ParameterTypeDefaultDescription
stepsarrayrequiredOrdered list of pipeline steps (1 to 5)
limitinteger50Maximum results returned per step
pageinteger1Page number for pagination
stream_modebooleanfalseEnable cursor-based pagination for large result sets (Premium+, single-step only)
cursorstring-Opaque pagination token from a previous response (used with stream_mode)

Step parameters

Each object in the steps array accepts the following parameters.

ParameterTypeRequiredDescription
sourcestringyesDataset to query: hosts, dns, whois or vhosts
querystringyesSearch query. Use {$input} as a placeholder for values extracted from the previous step
extract_keystringyes*Field to extract from results for the next step. Required on all steps except the last one
aggregateobjectnoAggregation to perform on this step (see Aggregations)
excludearraynoList of values to exclude from results and extracted keys
exclude_patternstringnoWildcard pattern to exclude (e.g. *.cloudflare.com)
dedupebooleannoDeduplicate extracted keys (case-insensitive)
max_extractintegernoLimit the number of values passed to the next step (default: config max)

Extractable fields per source

These are the fields you can use as extract_key to chain values between steps.

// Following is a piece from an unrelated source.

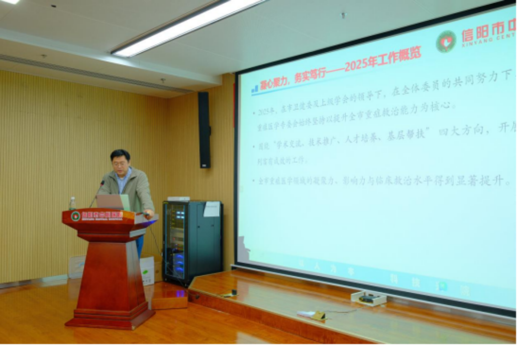 信阳市医学会重症医学分会主任委员芦乙滨主持召开信阳市医学会重症医学会分会全体会议并做信阳市医学会重症医学专委会2025年工作总结及2026年工作计划——《砥砺前行 共筑生命防线》。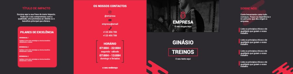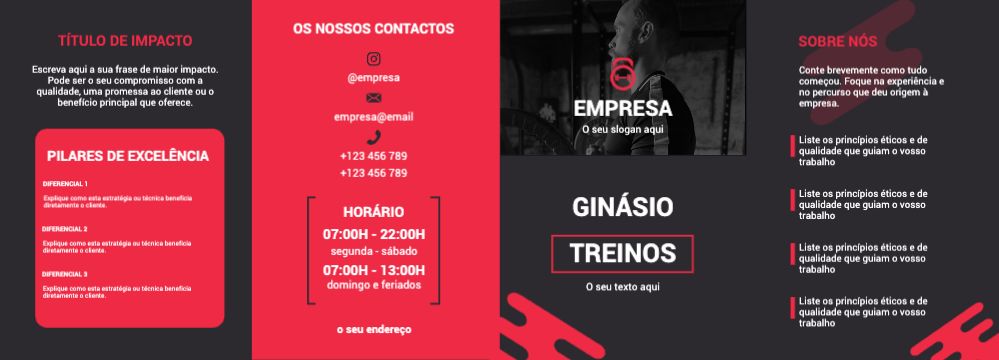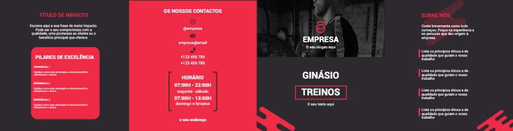 Explore diferentes estilos e modelos de folhetos com 3 dobras em janela. Escolha o design que melhor representa o seu negócio e personalize-o facilmente no nosso editor de design online.

SourceAvailable extract keys
hostshost, resolution, as_number, favicon_hash, analytics_tags, cert_subj_org
dnshost, value, type
whoisdomain, registrant_email, registrant_organization, nameservers
vhostssan, resolution, cert_org, cert_common_name
info

When extracting nameservers, public nameservers (Cloudflare, Akamai, AWS, etc.) are automatically filtered out since they don't indicate a meaningful relationship between domains.

Examples

Find CNAME records that don't point to a specific target

Search all domains owned by an organization, then find DNS CNAME records that don't point to the expected value - useful for detecting potential subdomain takeovers or misconfigurations.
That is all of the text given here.